U.S. Justice Department outlines concerns about Arizona election audit

The United States Dept. of Justice has asked Arizona's Senate president to respond to concerns about the audit of the Maricopa County election results, and their questions revolve around whether or not federal law is being violated.

Following a letter sent to Senate President Karen Fann from the DOJ, Arizona's Secretary of State Katie Hobbs revealed in a news conference today that she had a meeting with the federal agency along with other secretaries of state across the country.

"There’s interest in this across the country because this is potentially precedent setting," Hobbs said.

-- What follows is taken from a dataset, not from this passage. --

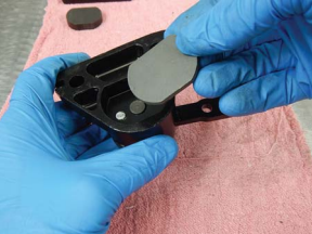 Step 9: Install the pad and secure the pad, plate, and pin in place using masking tape.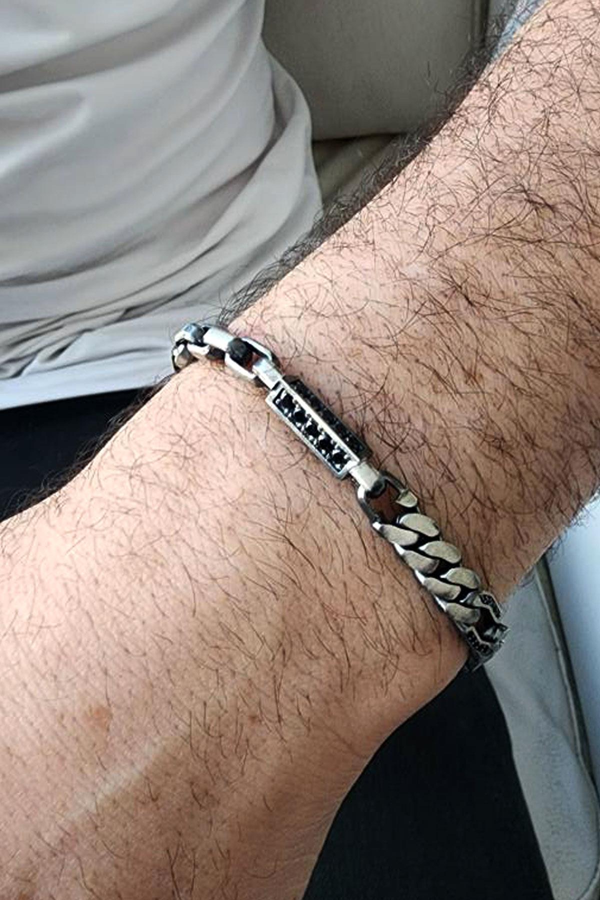Masculine Trace Oniks Taş Detaylı 925ayar Gümüş Tasarım Erkek Bileklik

Some of those concerns included ballot security and possible voter intimidation via a planned canvassing of voters from the auditors.

The Senate's audit liaison, Ken Bennett, responded to the concerns on Thursday, saying the security concerns were unfounded.

"Nobody is in the building that shouldn't be in the building," Bennett said. "If I have anything to do with it, there won’t be any voter intimidation."

Arizona Gov. Doug Ducey was asked about the audit and letter Thursday afternoon.

"Why don’t we wait until the findings come out?" Ducey said. "That’s a question for the Senate President. It wasn’t addressed to me."

In a letter to GOP Senate President Karen Fann, the head of the Justice Department’s Civil Rights Division said the Senate’s farming out of 2.1 million ballots from the state’s most populous county to a contractor may run afoul of federal law requiring ballots to remain in the control of elections officials for 22 months.

And Principal Deputy Assistant Attorney General Pamela S. Karlan said that the Senate contractor’s plans to directly contact voters could amount to illegal voter intimidation.

"Past experience with similar investigative efforts around the country has raised concerns that they can be directed at minority voters, which potentially can implicate the anti-intimidation prohibitions of the Voting Rights Act," Karlan wrote. "Such investigative efforts can have a significant intimidating effect on qualified voters that can deter them from seeking to vote in the future."

Karlan wants Fann to lay out how the Senate and its contractors will ensure federal laws are followed. She pointed to news reports showing lax security at the former basketball arena where the ballots are being recounted by hand.

Fann said Senate attorneys were working on a response she promised to share when it was completed.

The Associated Press (AP) contributed to this report.